Retype only the lines below from the one with "Geliefert Durch Betätigen" to the one with "Сформируйте из фарша", inclusive, skipping every image.

[INPUT DATA]

#####

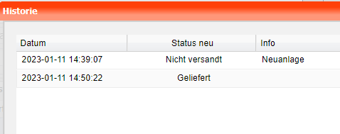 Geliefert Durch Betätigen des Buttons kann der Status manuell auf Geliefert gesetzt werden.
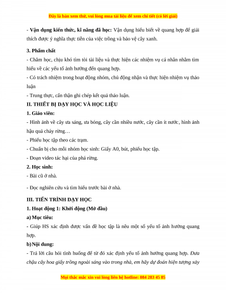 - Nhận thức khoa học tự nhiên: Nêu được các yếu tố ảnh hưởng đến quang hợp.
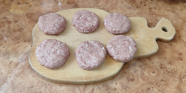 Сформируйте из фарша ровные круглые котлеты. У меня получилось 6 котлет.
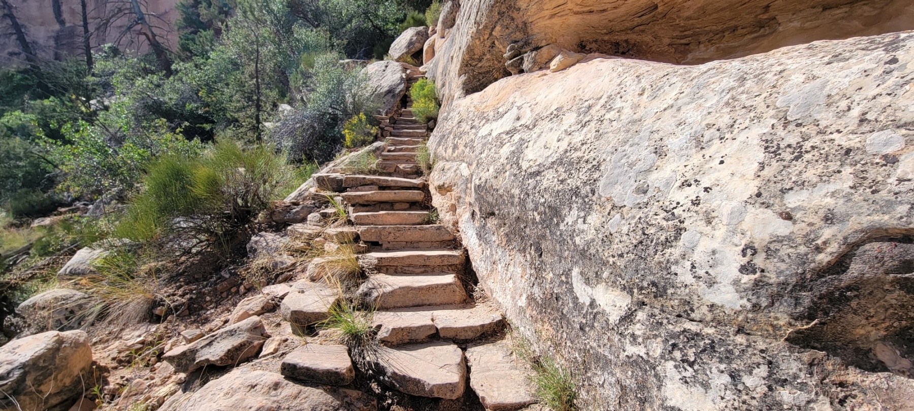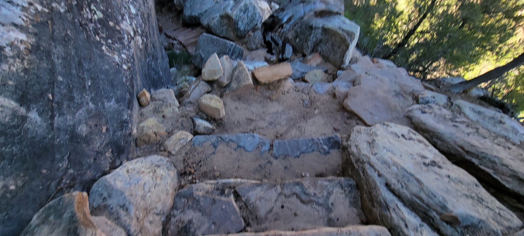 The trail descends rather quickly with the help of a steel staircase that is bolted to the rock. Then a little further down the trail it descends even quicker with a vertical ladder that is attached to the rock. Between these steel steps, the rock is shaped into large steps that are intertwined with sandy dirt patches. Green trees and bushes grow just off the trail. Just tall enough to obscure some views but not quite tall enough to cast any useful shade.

#####

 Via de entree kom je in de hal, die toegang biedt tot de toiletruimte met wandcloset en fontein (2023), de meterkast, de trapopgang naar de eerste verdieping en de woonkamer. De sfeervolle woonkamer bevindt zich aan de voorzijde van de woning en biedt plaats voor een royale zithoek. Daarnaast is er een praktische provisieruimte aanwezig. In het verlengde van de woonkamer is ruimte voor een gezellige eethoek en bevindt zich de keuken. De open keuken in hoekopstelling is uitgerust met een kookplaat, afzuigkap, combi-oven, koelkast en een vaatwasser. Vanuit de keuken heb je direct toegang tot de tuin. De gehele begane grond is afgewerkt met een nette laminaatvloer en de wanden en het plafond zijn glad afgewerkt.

#####

[TASK ANSWER]
 Geliefert Durch Betätigen des Buttons kann der Status manuell auf Geliefert gesetzt werden.
 - Nhận thức khoa học tự nhiên: Nêu được các yếu tố ảnh hưởng đến quang hợp.
 Сформируйте из фарша ровные круглые котлеты. У меня получилось 6 котлет.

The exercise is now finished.